● **Task**
When you reach the line containing "ঢাকায় অফিস খুললো" in the entries below, please begin setting down lines exactly, stop only after the last one, and add nothing else.

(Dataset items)
* * * * * * *
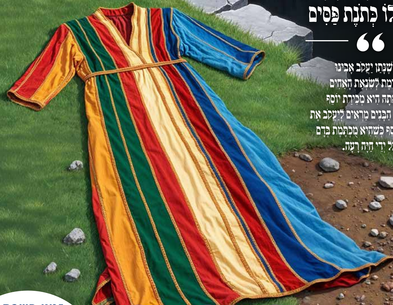
אין לנתן בשעת התפילה - המגזין טעון נגינה

כְּתַנַּת הַפְּסִים שֶׁנָּתַן יַעֲקֹב אֲבִינוּ לְבָנָיו יוֹסֵף גִּזְרָמַת לְשִׁנְאוֹת הָאֲחִים אֵלָיו, שְׁתוּצָאָתָהּ הִיא מִכִּירַת יוֹסֵף לְיִשְׁמַעֲאֵלִים, הַבְּנִים מְרֵאִים לְיַעֲקֹב אֶת כְּתַנָּתוֹ שֶׁל יוֹסֵף כְּשֶׁהִיא מְכַתֶּמֶת בְּדָם כְּמוֹ שֶׁנֶּטְרַף עַל יְדֵי חֵיהָ רַעָה.
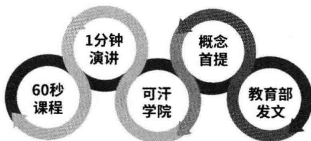
图 1-1 微课起源的五种观点
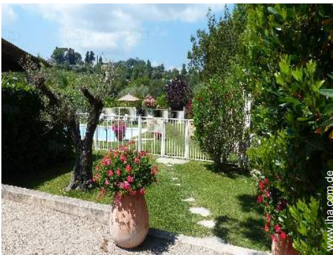
Swimmingpool in Wohnanlage
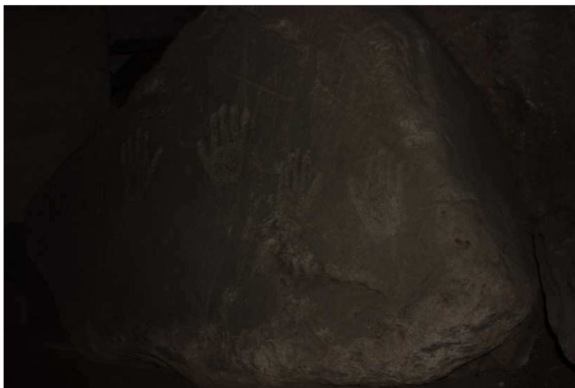
La roccia con le impronte delle mani.
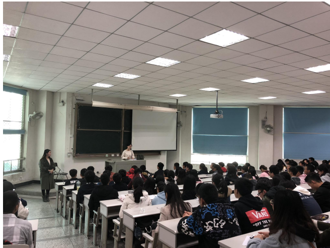
图 30 “11.9”消防知识安全宣讲活动
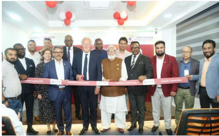
ঢাকায় অফিস খুললো কমনওয়েলথ ট্রেড অ্যান্ড ইনভেস্টমেন্ট ফোরাম

কমনওয়েলথ এন্টারপ্রাইজ অ্যান্ড ইনভেস্টমেন্ট কাউন্সিলের (সিডব্লিউইআইসি) উদ্যোগে বাংলাদেশে বাণিজ্য ও বিনিয়োগ সম্ভাবনা বৃদ্ধির লক্ষ্যে ঢাকায় অফিস খুলেছে কমনওয়েলথ ট্রেড অ্যান্ড ইনভেস্টমেন্ট ফোরাম।
* * * * * * *
● **Solution to this exercise**
ঢাকায় অফিস খুললো কমনওয়েলথ ট্রেড অ্যান্ড ইনভেস্টমেন্ট ফোরাম

কমনওয়েলথ এন্টারপ্রাইজ অ্যান্ড ইনভেস্টমেন্ট কাউন্সিলের (সিডব্লিউইআইসি) উদ্যোগে বাংলাদেশে বাণিজ্য ও বিনিয়োগ সম্ভাবনা বৃদ্ধির লক্ষ্যে ঢাকায় অফিস খুলেছে কমনওয়েলথ ট্রেড অ্যান্ড ইনভেস্টমেন্ট ফোরাম।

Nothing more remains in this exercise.